Coronary Angiogram: This is an additional test that may be carried out to determine if there is any narrowing of the coronary arteries that supply blood to the heart muscle.
AF is treated differently for different people. Your doctor will recommend the treatment that is best for you and will be dependent on a number of factors including:
The type of AF you have been diagnosed with
How long you have had AF
What kind of symptoms you have
What treatments you have already received
Your medical history – any underlying cause.
The goals of AF treatment are to:
- Help control your heart rate
- Return your heart rhythm to a normal rhythm (if possible)
- Reduce the risk of blood clots forming in order to reduce your risk of stroke.
Heart Rate Control: You may be prescribed medicine to slow down your heart, particularly if you have symptoms such as palpitations.
Heart Rhythm Control: Certain medications can help to restore the heart’s normal rhythm and help prevent the return of AF. These medicines are called anti-arrhythmic drugs
Reducing Blood Clots & Risk of Stroke: People who have AF are at an increased risk of developing blood clots, which can lead to having a stroke. These medications reduce the risk of blood clot formation and are known as blood thinners or anticoagulants.

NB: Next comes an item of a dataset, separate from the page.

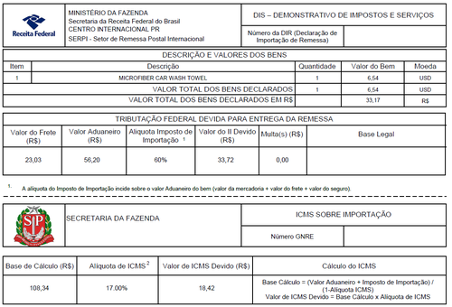 Comprei uma toalha de microfibra de US$6 fora do remessa conforme, olha da taxa do amor. Imposto de Importação = R$33,72 + ICMS = R$18,42 Total = R$52,14. O governo tá metendo a faca e não está nem ai.
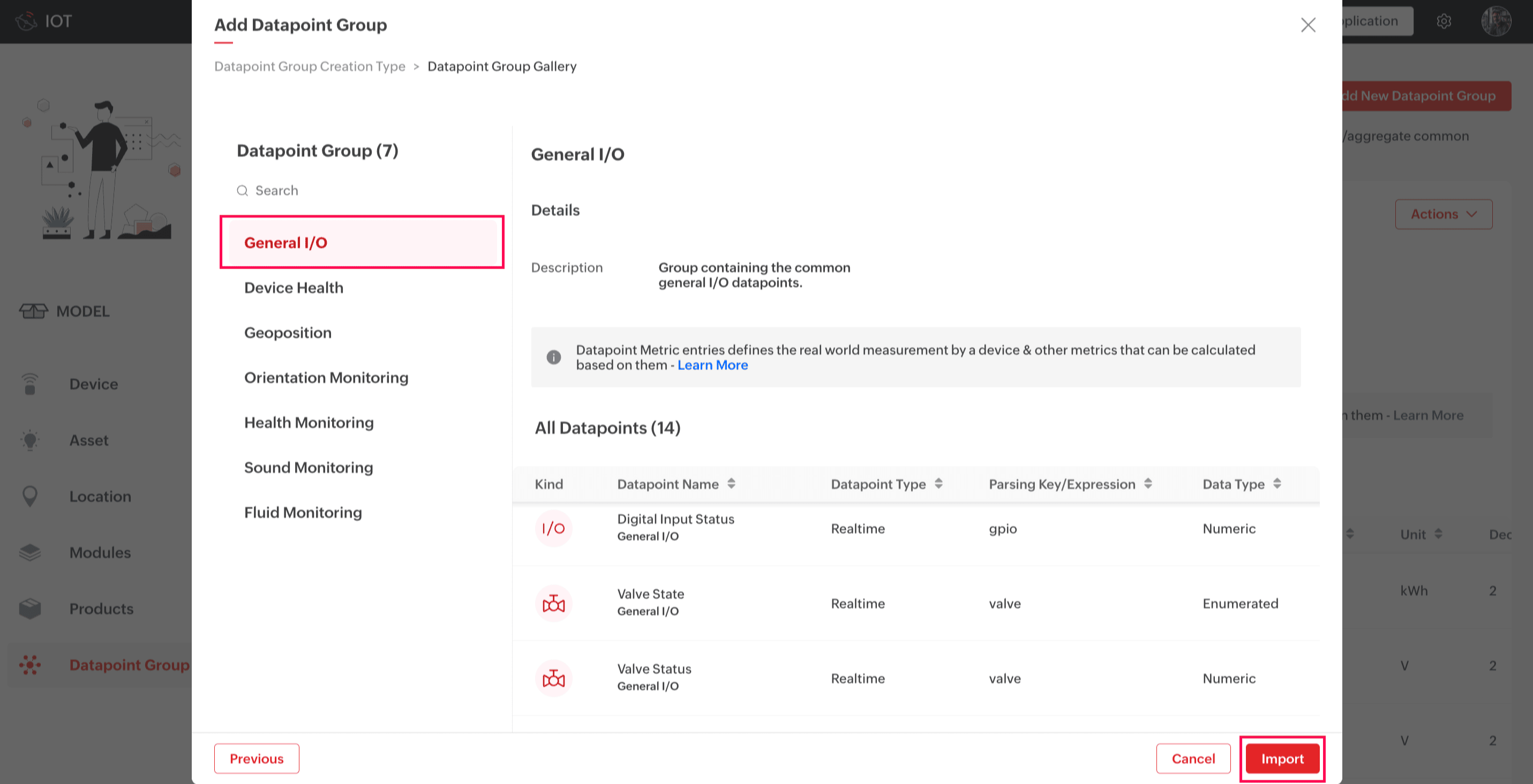 5. Select the datapoint group you want to add in the left pane and click Import. The datapoint templates configured for the selected group will be displayed on the right. For this illustration, the datapoint group General I/O is selected.

Some people may also require hospital procedures for their AF and these could include:
Cardioversion: The aim of this procedure is to reset your heart to its normal regular rhythm. It involves delivering a controlled electric shock to your heart using special electrodes or paddles that are placed on your chest. The procedure takes place in hospital and you will be asleep and will not feel any pain or discomfort. Sometimes, even though the regular rhythm is restored, the AF may come back so continued follow-up is usually required.
Catheter Ablation: Catheter ablation is used to find the area of disorganised electrical signals and correct the cause of AF. With this procedure, narrow wires are inserted into a blood vessel in your leg and gently threaded to a position in your heart. Electrical impulses are then sent via the wire to destroy the area that is causing the irregular heartbeat.
LIVING WITH AF
AF is not immediately life-threatening in the same way as some arrhythmias (irregular heartbeats) are. Most people are able to live full and active lives with AF. You can do this by taking your prescribed medication, following the medical advice you received from your doctor, having regular medical check-ups and making positive lifestyle changes.